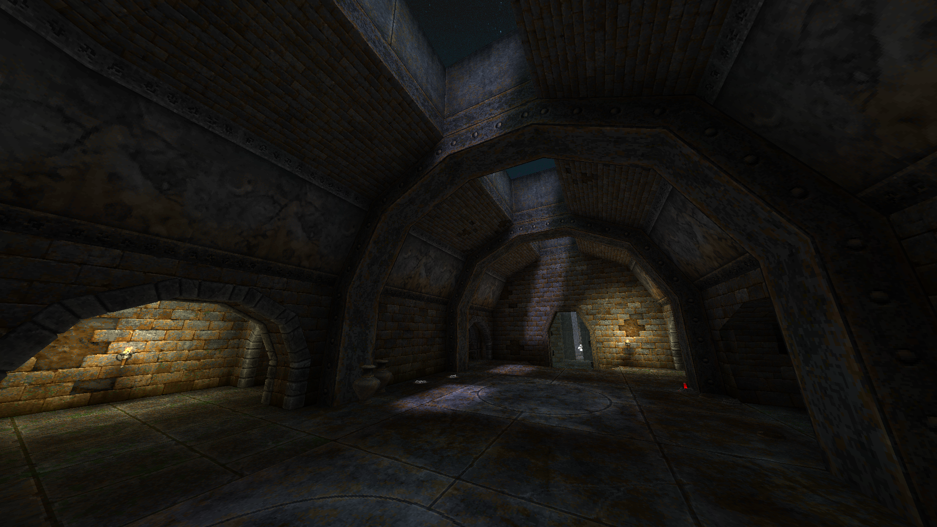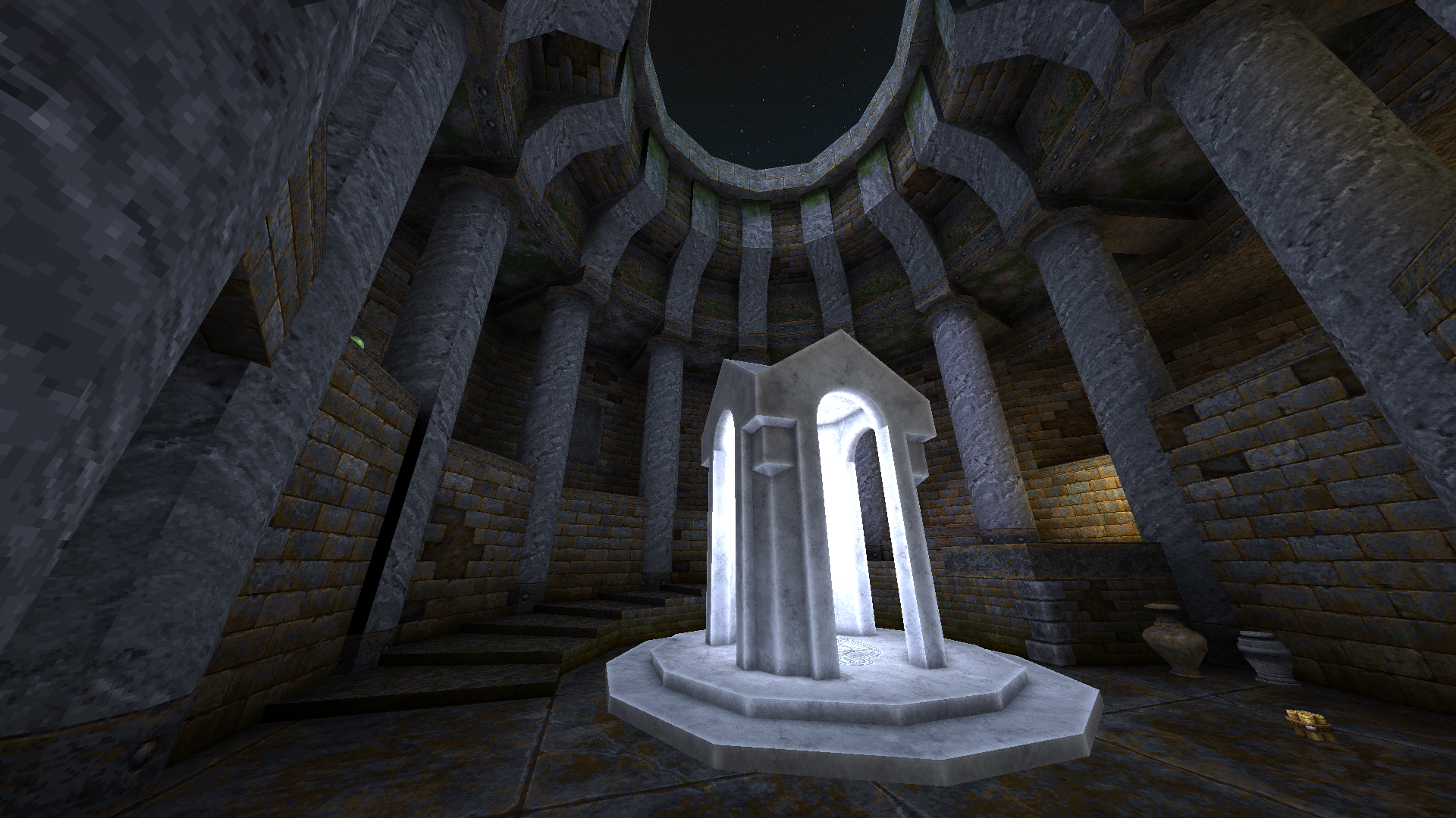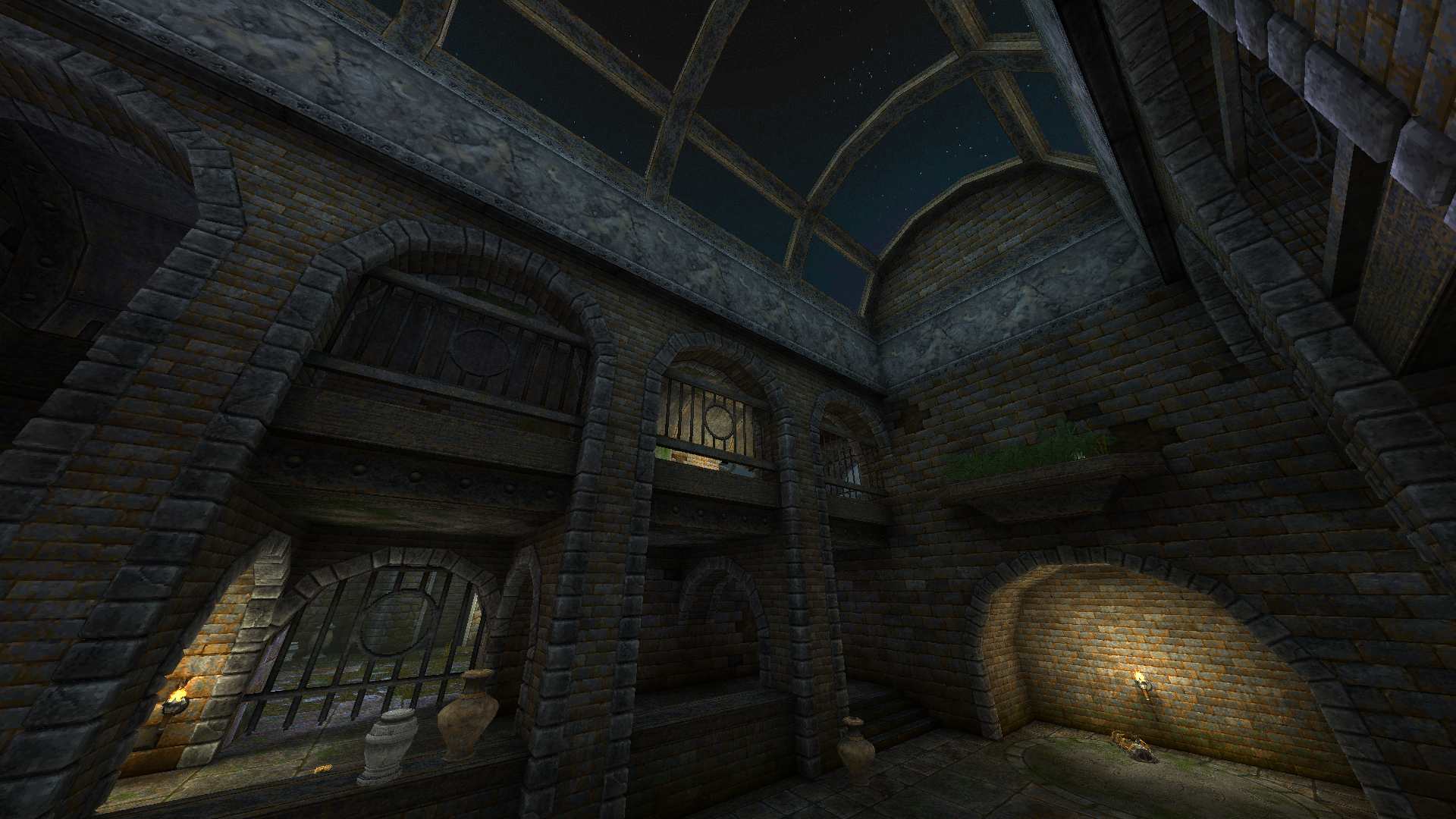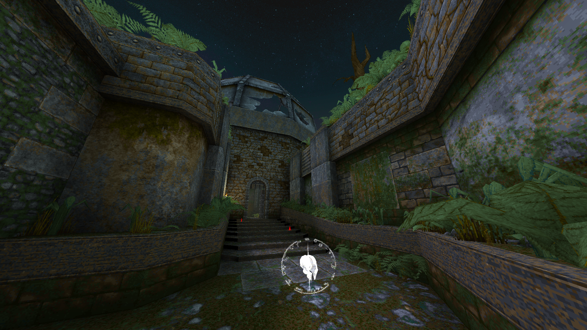 At the heart of the level stands a giant dead tree covered by a large broken dome. As this was the central focus of the map I made this a hub area that led off into individual sections but always brought the player back to the hub to unlock the next key door, to help the flow and avoid them getting lost.
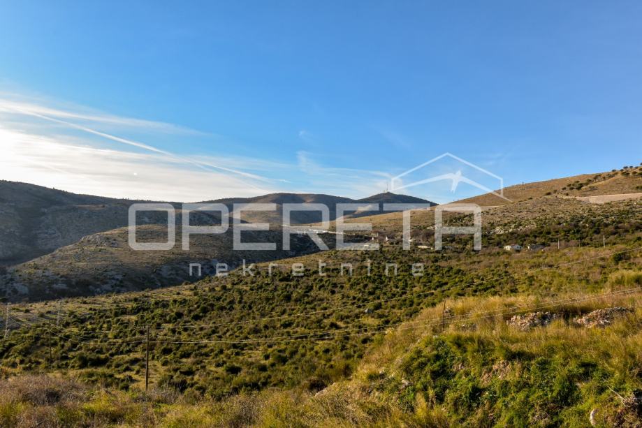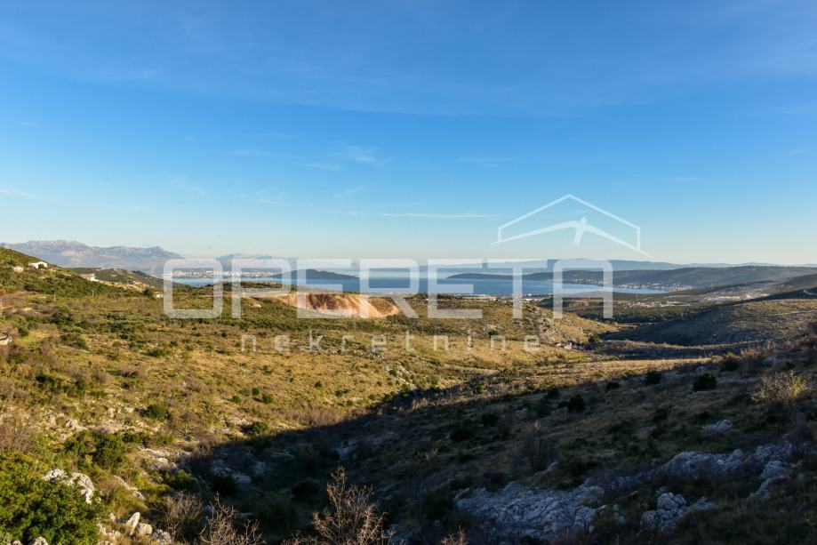 U Planom kraj Trogira prodaje se građevinsko zemljište s prekrasnim pogledom na Split, Kaštelanski zaljev i okolne otoke.
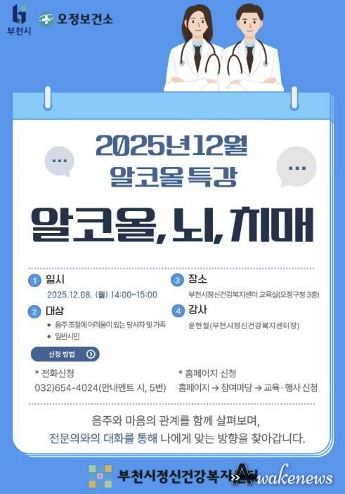 어웨이크뉴스 오경하 기자 | 부천시는 부천시정신건강복지센터와 함께 알코올이 뇌에 미치는 영향을 주제로 한 특강을 12월 8일 오후 2시부터 오정구청 3층 교육실에서 진행한다.
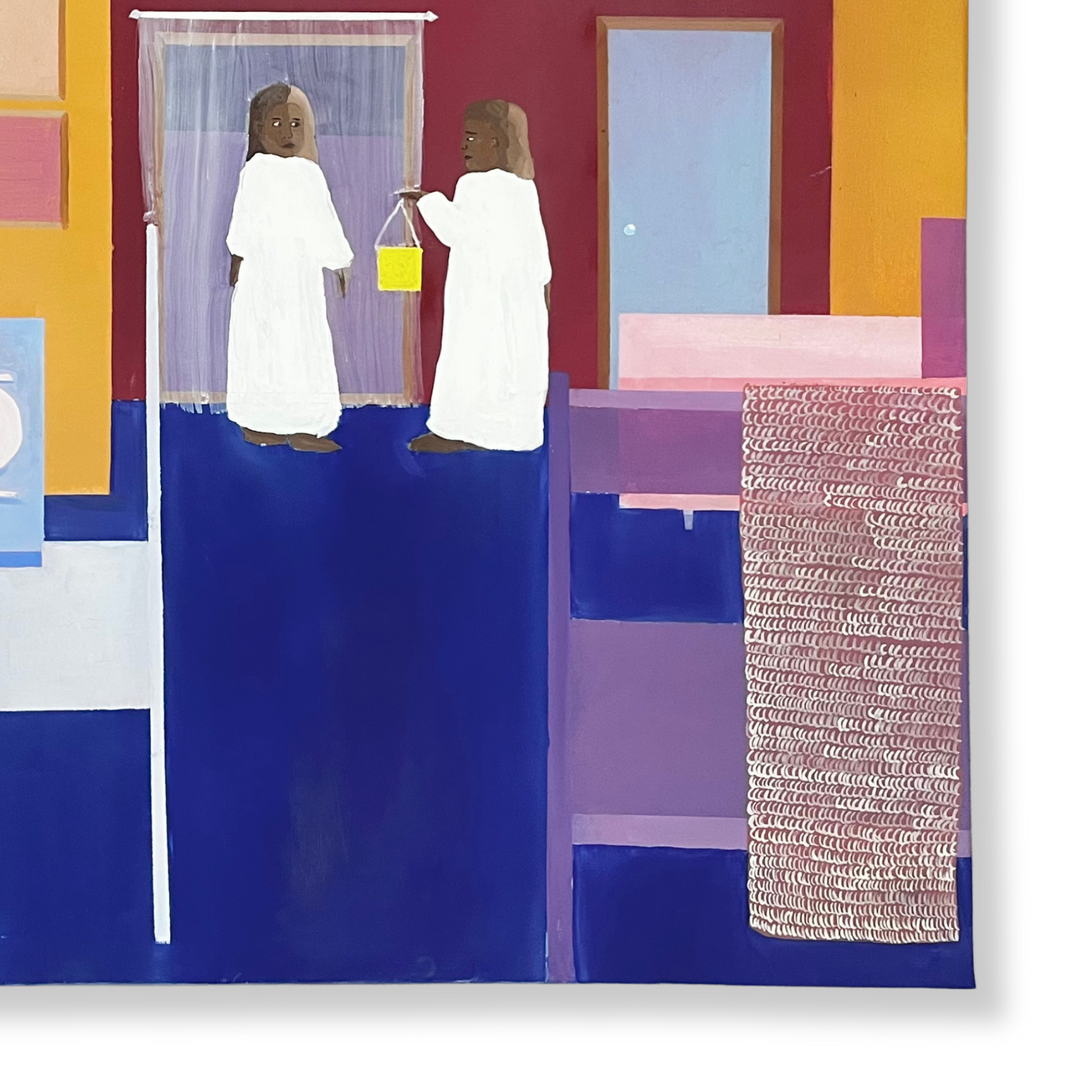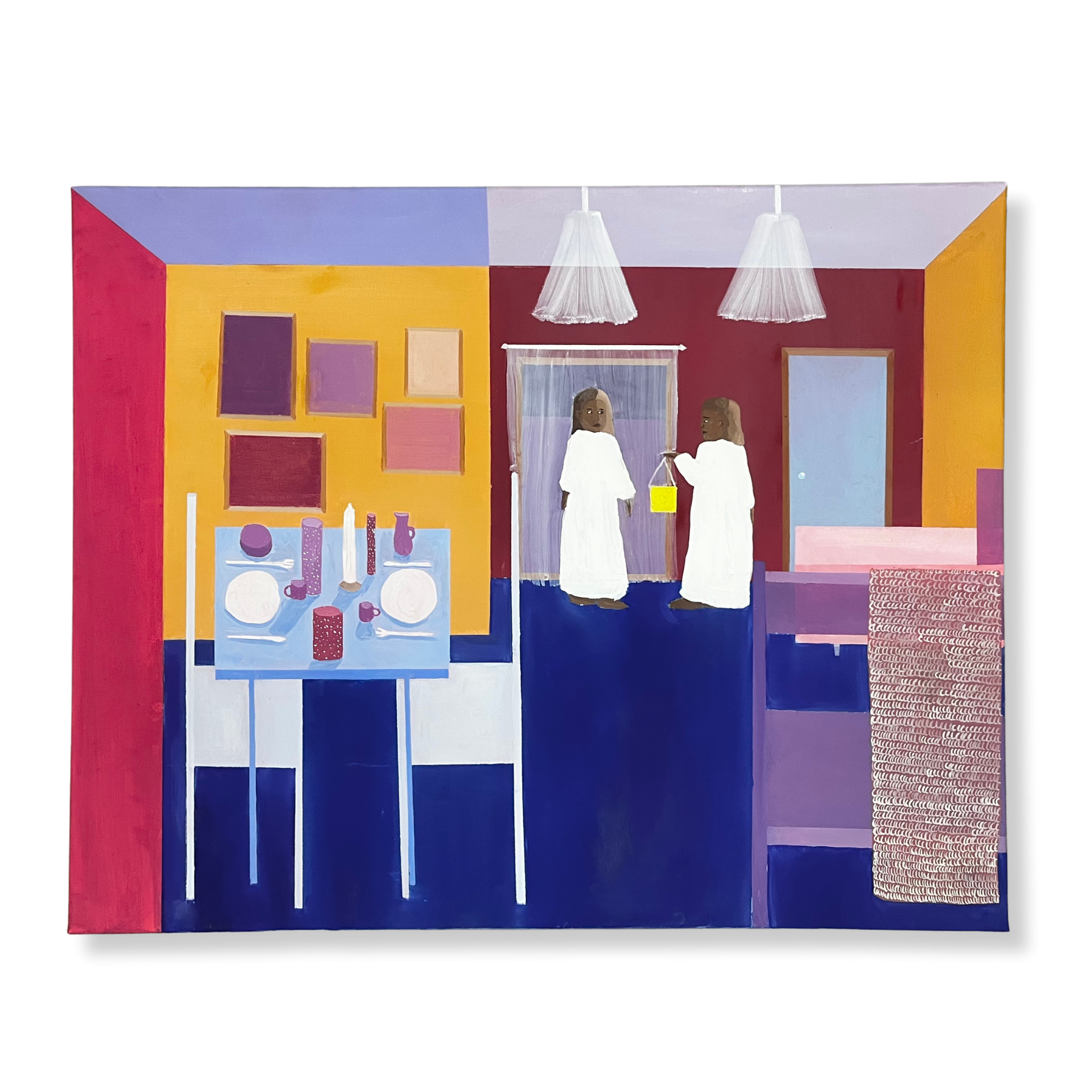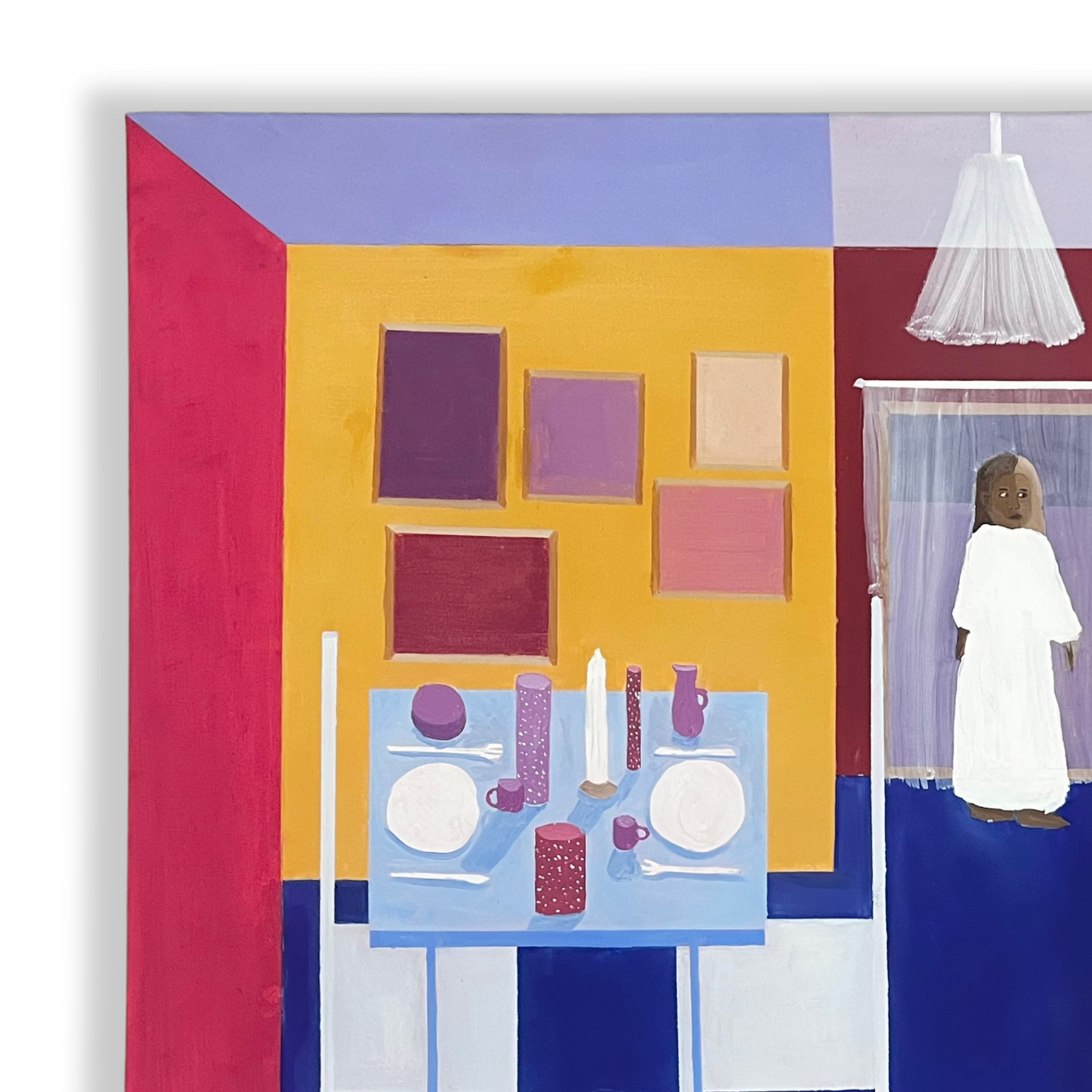 Kuda Mushangi's oil paintings delve into the profound emotional complexities of migration, grounding his practice in rich narratives, storytelling, and allegory. His work fearlessly weaves together universal themes of love, loneliness, joy, and self-doubt, drawing from personal experience while transcending cultural boundaries.
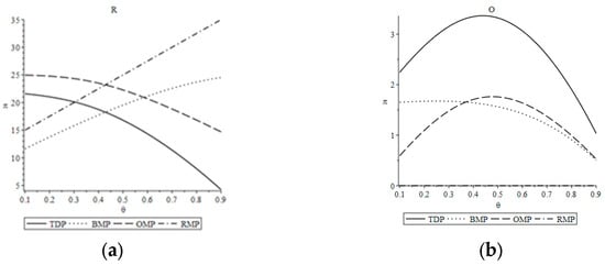 Figure 3a implies that with the increase in , the profits of the manufacturer using the TDP as well as OMP strategies decrease, while the profits of the manufacturer using the RMP as well as BMP strategies increase. Figure 3b shows that the increase in may be detrimental for the remanufacturer’s profit, especially when the profits fall to zero under the RMP strategy. With different strategies, the influence of on profits varies widely owing to the consumer’s switching behavior. Using the TDP strategy, with increases, consumers have an incentive to switch simply because of the low price of the second period, and the two sellers gradually form a symmetrical equilibrium in the competition. However, using the OMP strategy, sellers have the same price (), and consumers visiting the remanufacturer have little incentive to buy the new products; thus, the profits of the manufacturer have declined. Using the BMP strategy, the manufacturer loses some consumers, which leads to a decline in profits.

• [INSTRUCTIONS TO FOLLOW]: Please retype the data exactly, but do not carry over any picture.

• [SOLVED EXERCISE]:
 At the heart of the level stands a giant dead tree covered by a large broken dome. As this was the central focus of the map I made this a hub area that led off into individual sections but always brought the player back to the hub to unlock the next key door, to help the flow and avoid them getting lost.
 U Planom kraj Trogira prodaje se građevinsko zemljište s prekrasnim pogledom na Split, Kaštelanski zaljev i okolne otoke.
 어웨이크뉴스 오경하 기자 | 부천시는 부천시정신건강복지센터와 함께 알코올이 뇌에 미치는 영향을 주제로 한 특강을 12월 8일 오후 2시부터 오정구청 3층 교육실에서 진행한다.
 Kuda Mushangi's oil paintings delve into the profound emotional complexities of migration, grounding his practice in rich narratives, storytelling, and allegory. His work fearlessly weaves together universal themes of love, loneliness, joy, and self-doubt, drawing from personal experience while transcending cultural boundaries.
 Figure 3a implies that with the increase in , the profits of the manufacturer using the TDP as well as OMP strategies decrease, while the profits of the manufacturer using the RMP as well as BMP strategies increase. Figure 3b shows that the increase in may be detrimental for the remanufacturer’s profit, especially when the profits fall to zero under the RMP strategy. With different strategies, the influence of on profits varies widely owing to the consumer’s switching behavior. Using the TDP strategy, with increases, consumers have an incentive to switch simply because of the low price of the second period, and the two sellers gradually form a symmetrical equilibrium in the competition. However, using the OMP strategy, sellers have the same price (), and consumers visiting the remanufacturer have little incentive to buy the new products; thus, the profits of the manufacturer have declined. Using the BMP strategy, the manufacturer loses some consumers, which leads to a decline in profits.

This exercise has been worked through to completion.